> **The problem**
An exact restatement of the data below, with the pictures removed, is the required answer.

> **Dataset entries**
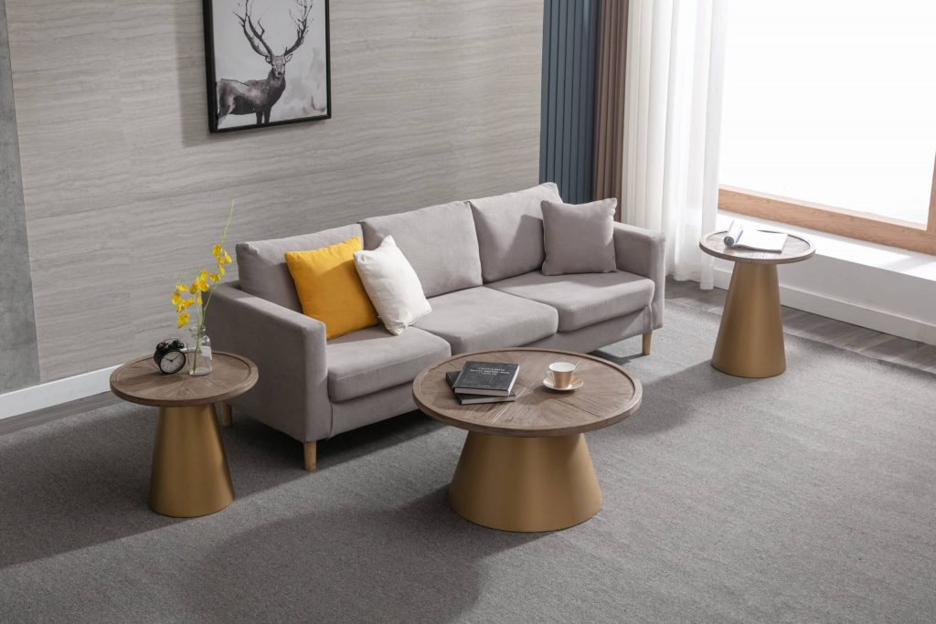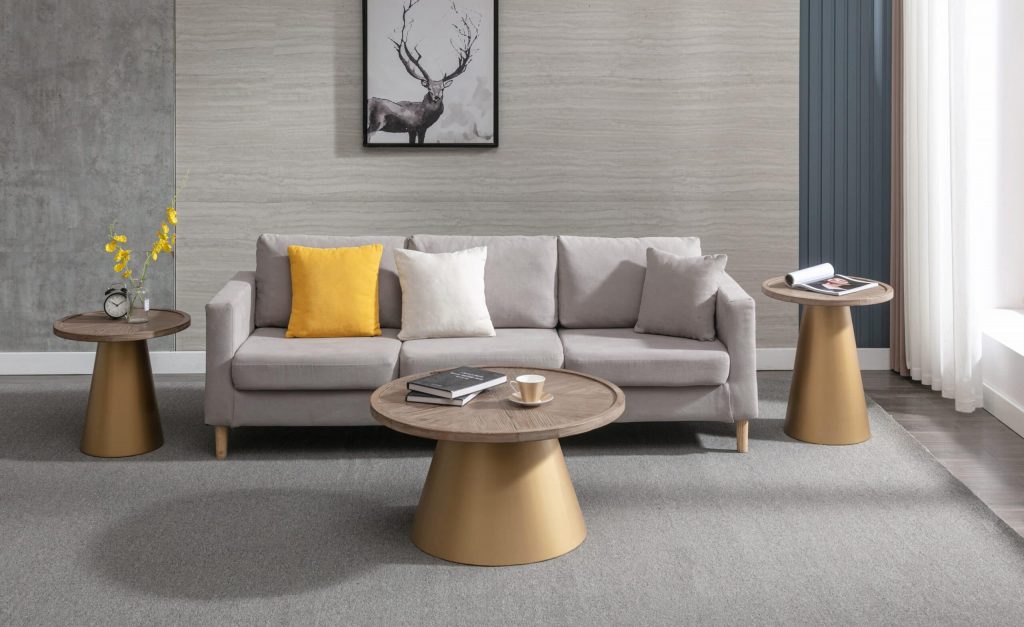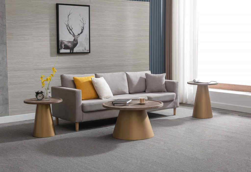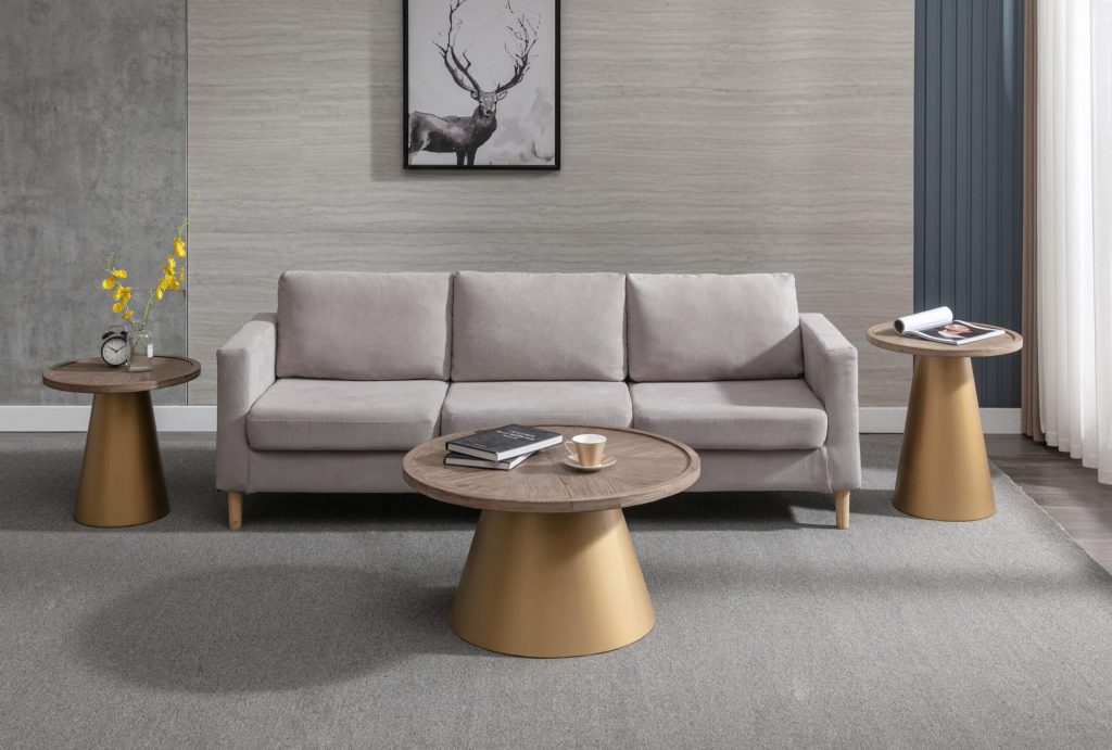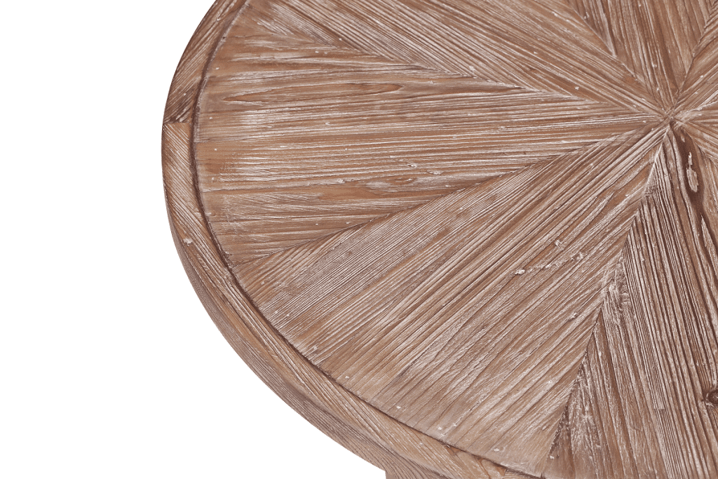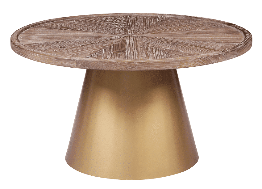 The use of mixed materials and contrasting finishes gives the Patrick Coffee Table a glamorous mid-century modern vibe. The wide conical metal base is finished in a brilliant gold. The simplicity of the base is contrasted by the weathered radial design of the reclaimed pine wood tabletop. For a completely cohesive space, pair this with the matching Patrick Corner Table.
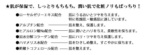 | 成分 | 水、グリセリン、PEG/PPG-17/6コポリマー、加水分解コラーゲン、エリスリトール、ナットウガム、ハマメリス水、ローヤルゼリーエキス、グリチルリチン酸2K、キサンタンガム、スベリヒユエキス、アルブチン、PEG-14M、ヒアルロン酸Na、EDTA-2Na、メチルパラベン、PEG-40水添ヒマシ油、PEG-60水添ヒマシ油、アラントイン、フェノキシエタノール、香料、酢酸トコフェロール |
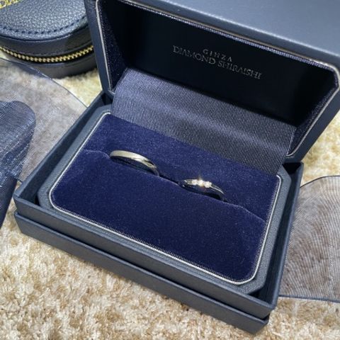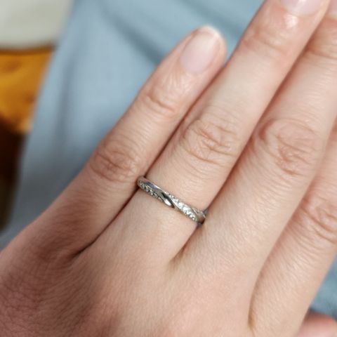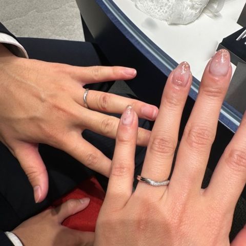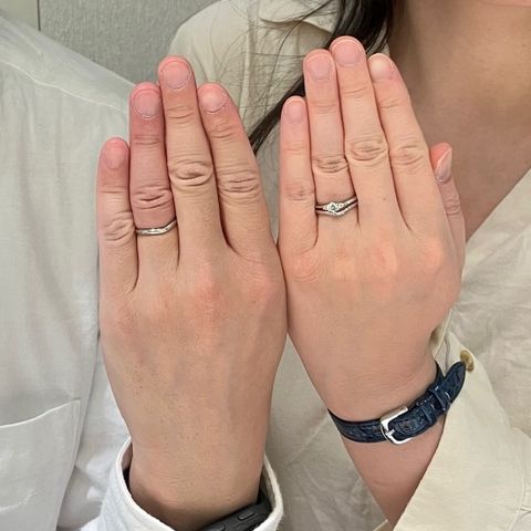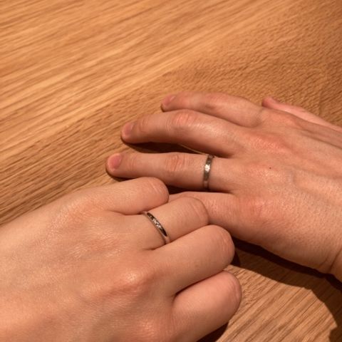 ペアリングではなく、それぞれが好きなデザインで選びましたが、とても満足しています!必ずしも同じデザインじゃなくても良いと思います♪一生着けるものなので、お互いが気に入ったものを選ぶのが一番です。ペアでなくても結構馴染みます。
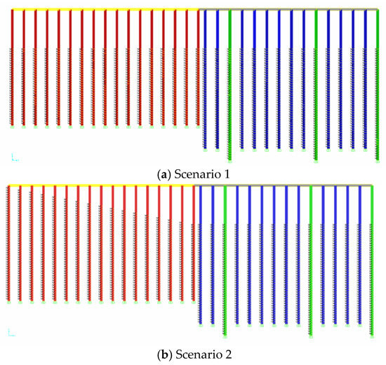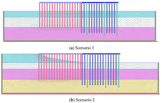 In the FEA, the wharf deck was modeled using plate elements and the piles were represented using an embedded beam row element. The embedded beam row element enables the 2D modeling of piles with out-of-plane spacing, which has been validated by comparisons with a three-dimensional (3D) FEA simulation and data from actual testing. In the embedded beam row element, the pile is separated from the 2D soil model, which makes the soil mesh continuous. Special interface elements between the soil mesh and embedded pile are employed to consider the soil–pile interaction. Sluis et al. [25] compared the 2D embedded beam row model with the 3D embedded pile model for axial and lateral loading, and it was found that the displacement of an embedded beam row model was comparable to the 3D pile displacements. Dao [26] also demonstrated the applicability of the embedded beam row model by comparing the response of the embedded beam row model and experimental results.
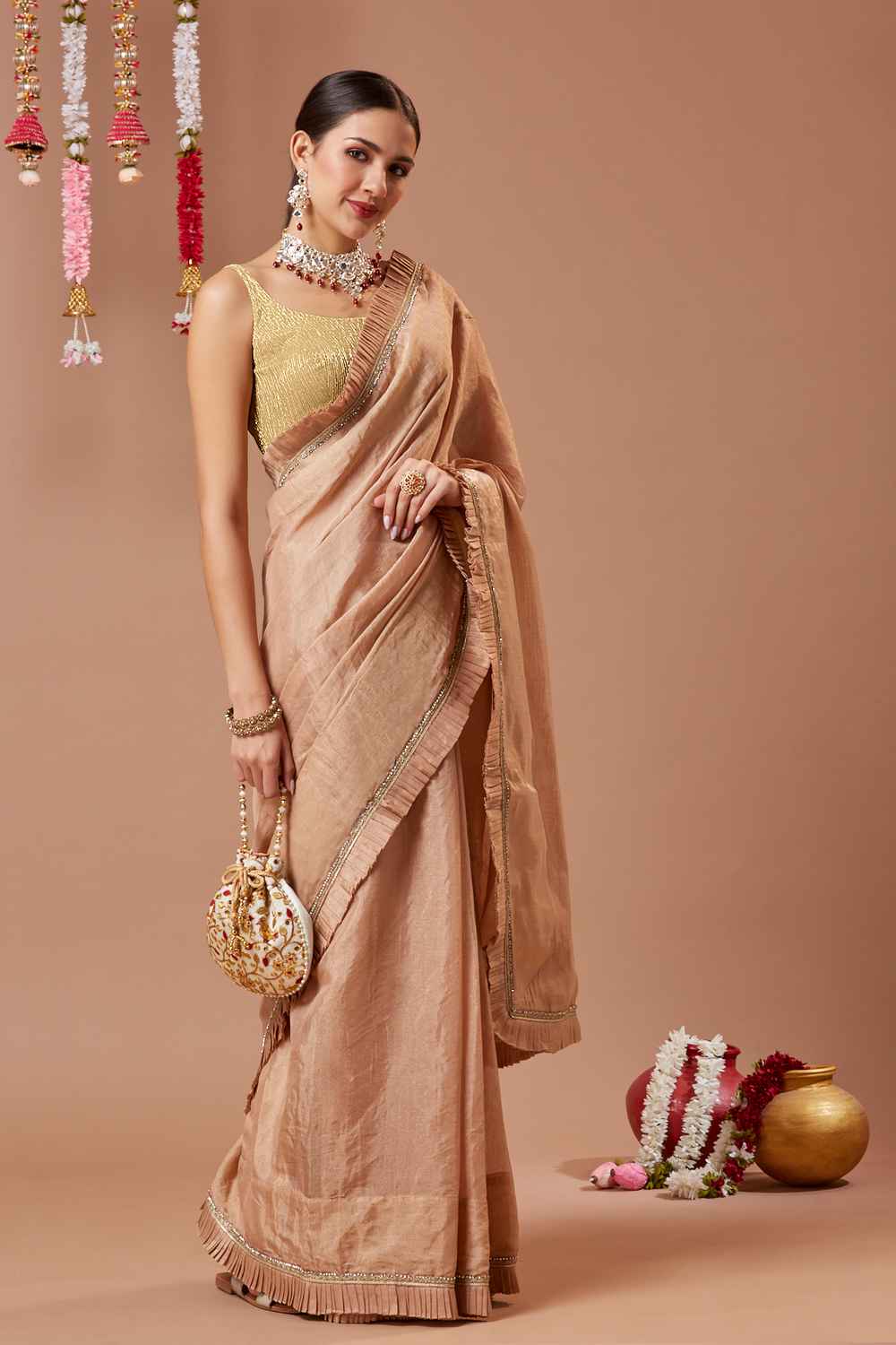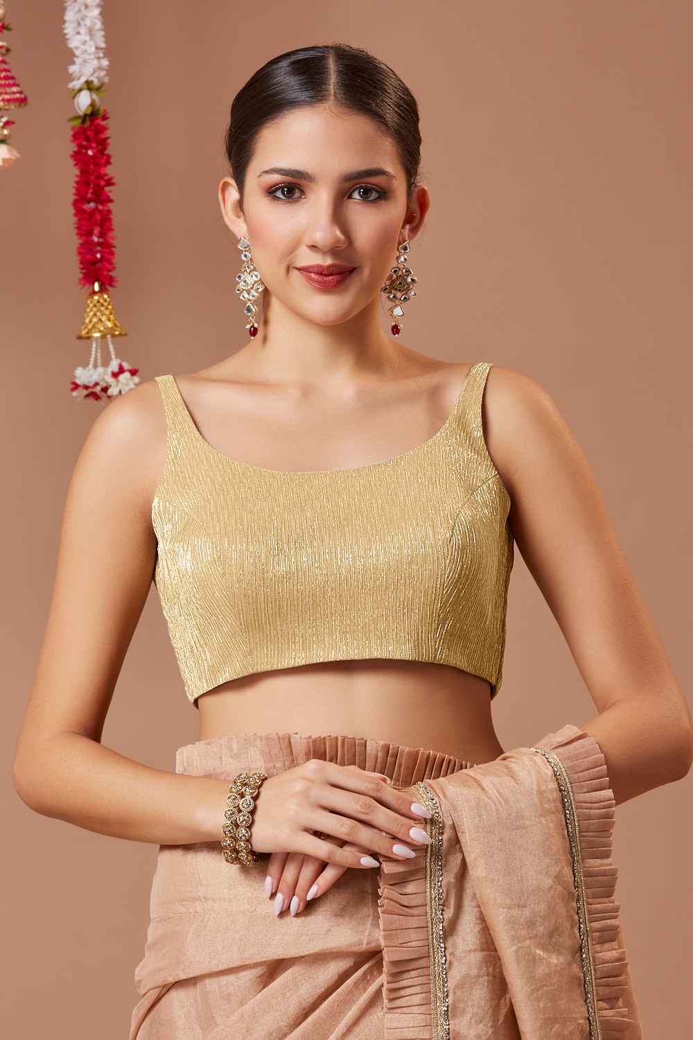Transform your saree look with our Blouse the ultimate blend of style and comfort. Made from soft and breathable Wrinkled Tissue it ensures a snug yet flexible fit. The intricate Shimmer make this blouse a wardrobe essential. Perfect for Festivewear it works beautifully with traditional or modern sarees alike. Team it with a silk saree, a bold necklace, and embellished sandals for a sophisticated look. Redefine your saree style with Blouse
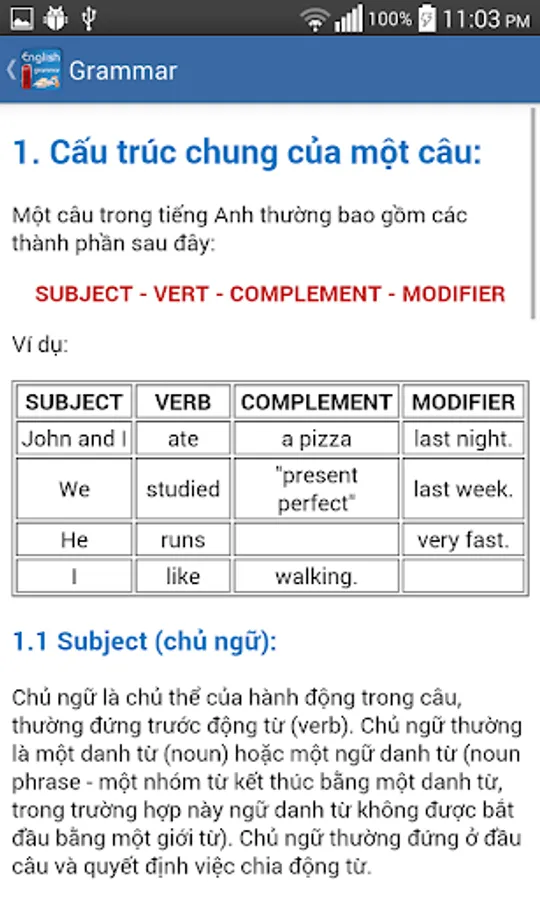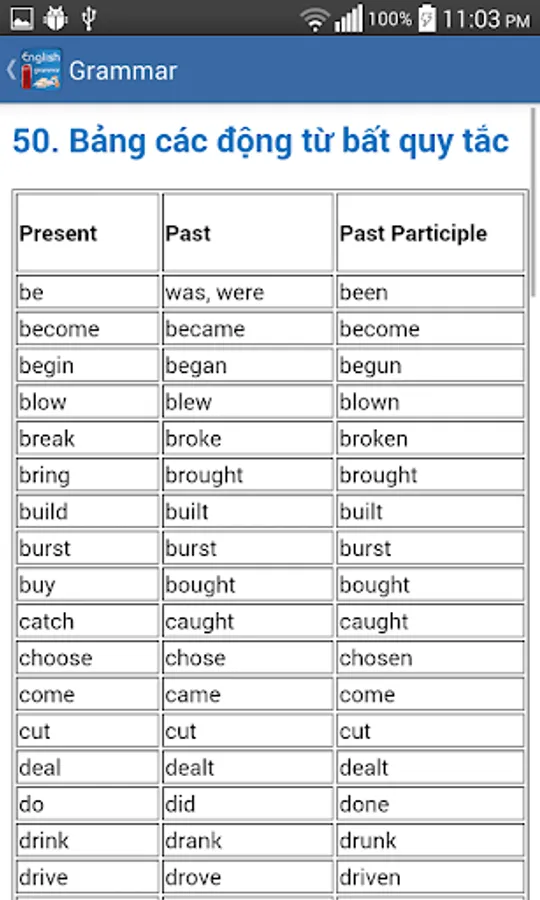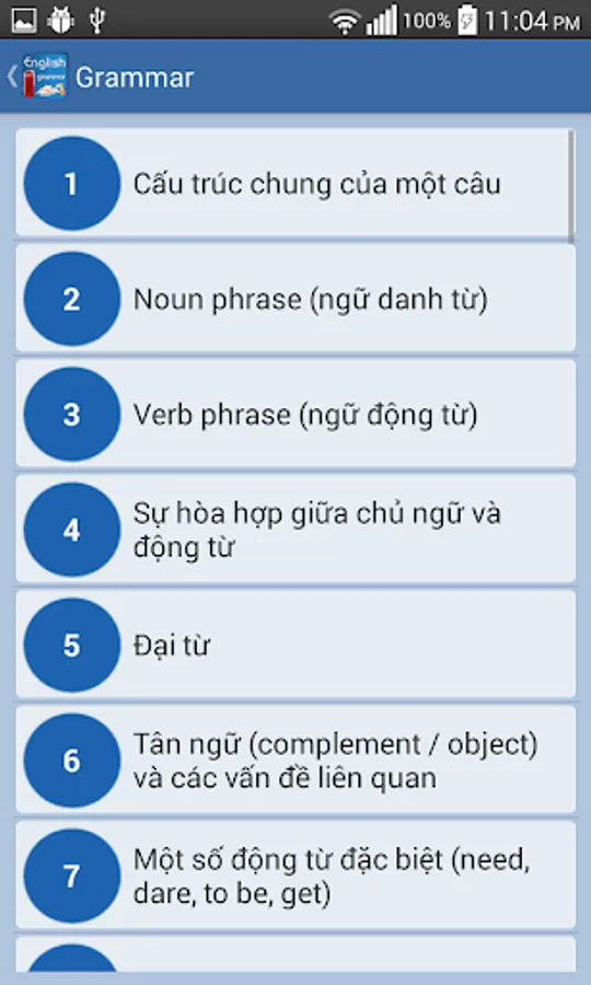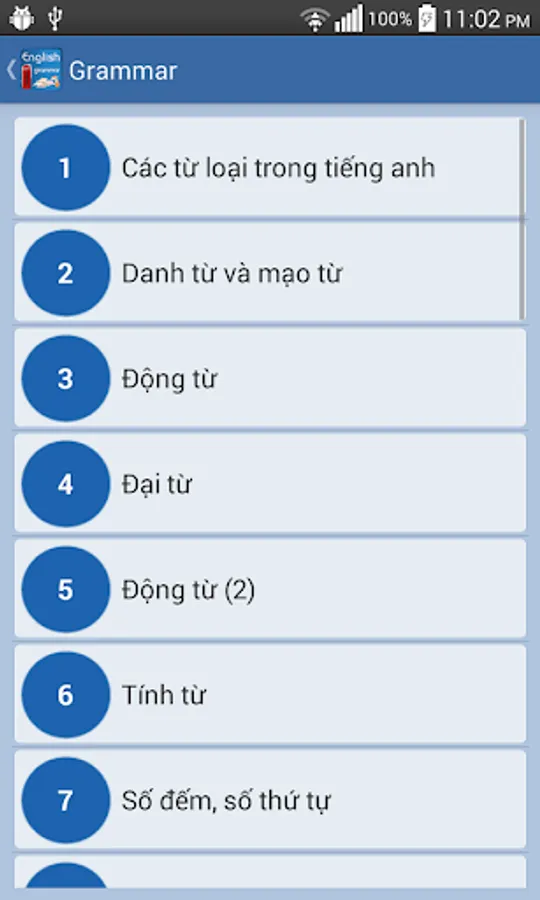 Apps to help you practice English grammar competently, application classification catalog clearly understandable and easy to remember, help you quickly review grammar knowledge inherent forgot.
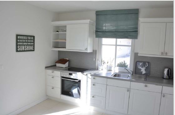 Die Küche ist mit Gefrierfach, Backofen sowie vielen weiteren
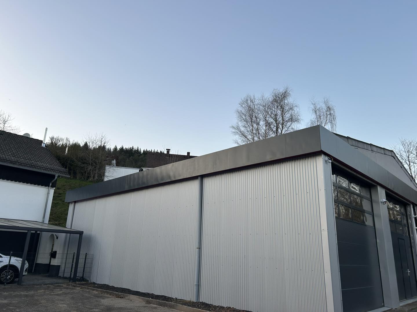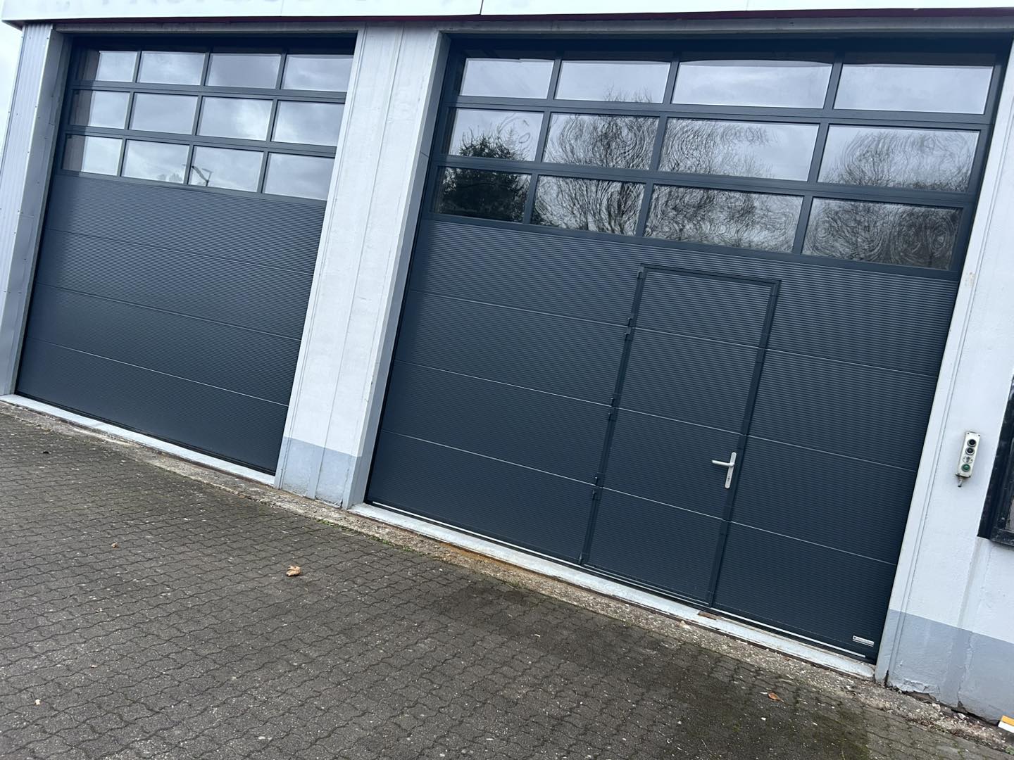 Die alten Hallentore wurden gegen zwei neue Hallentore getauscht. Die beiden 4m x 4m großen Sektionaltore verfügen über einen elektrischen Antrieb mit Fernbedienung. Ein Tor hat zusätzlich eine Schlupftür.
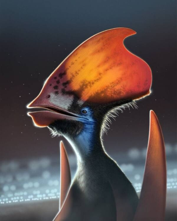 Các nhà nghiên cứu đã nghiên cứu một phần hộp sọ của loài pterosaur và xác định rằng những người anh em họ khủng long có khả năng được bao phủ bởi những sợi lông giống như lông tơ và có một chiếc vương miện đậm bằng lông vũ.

> **Output of the task**
 The use of mixed materials and contrasting finishes gives the Patrick Coffee Table a glamorous mid-century modern vibe. The wide conical metal base is finished in a brilliant gold. The simplicity of the base is contrasted by the weathered radial design of the reclaimed pine wood tabletop. For a completely cohesive space, pair this with the matching Patrick Corner Table.
 | 成分 | 水、グリセリン、PEG/PPG-17/6コポリマー、加水分解コラーゲン、エリスリトール、ナットウガム、ハマメリス水、ローヤルゼリーエキス、グリチルリチン酸2K、キサンタンガム、スベリヒユエキス、アルブチン、PEG-14M、ヒアルロン酸Na、EDTA-2Na、メチルパラベン、PEG-40水添ヒマシ油、PEG-60水添ヒマシ油、アラントイン、フェノキシエタノール、香料、酢酸トコフェロール |
 ペアリングではなく、それぞれが好きなデザインで選びましたが、とても満足しています!必ずしも同じデザインじゃなくても良いと思います♪一生着けるものなので、お互いが気に入ったものを選ぶのが一番です。ペアでなくても結構馴染みます。
 In the FEA, the wharf deck was modeled using plate elements and the piles were represented using an embedded beam row element. The embedded beam row element enables the 2D modeling of piles with out-of-plane spacing, which has been validated by comparisons with a three-dimensional (3D) FEA simulation and data from actual testing. In the embedded beam row element, the pile is separated from the 2D soil model, which makes the soil mesh continuous. Special interface elements between the soil mesh and embedded pile are employed to consider the soil–pile interaction. Sluis et al. [25] compared the 2D embedded beam row model with the 3D embedded pile model for axial and lateral loading, and it was found that the displacement of an embedded beam row model was comparable to the 3D pile displacements. Dao [26] also demonstrated the applicability of the embedded beam row model by comparing the response of the embedded beam row model and experimental results.
Transform your saree look with our Blouse the ultimate blend of style and comfort. Made from soft and breathable Wrinkled Tissue it ensures a snug yet flexible fit. The intricate Shimmer make this blouse a wardrobe essential. Perfect for Festivewear it works beautifully with traditional or modern sarees alike. Team it with a silk saree, a bold necklace, and embellished sandals for a sophisticated look. Redefine your saree style with Blouse
 Apps to help you practice English grammar competently, application classification catalog clearly understandable and easy to remember, help you quickly review grammar knowledge inherent forgot.
 Die Küche ist mit Gefrierfach, Backofen sowie vielen weiteren
 Die alten Hallentore wurden gegen zwei neue Hallentore getauscht. Die beiden 4m x 4m großen Sektionaltore verfügen über einen elektrischen Antrieb mit Fernbedienung. Ein Tor hat zusätzlich eine Schlupftür.
 Các nhà nghiên cứu đã nghiên cứu một phần hộp sọ của loài pterosaur và xác định rằng những người anh em họ khủng long có khả năng được bao phủ bởi những sợi lông giống như lông tơ và có một chiếc vương miện đậm bằng lông vũ.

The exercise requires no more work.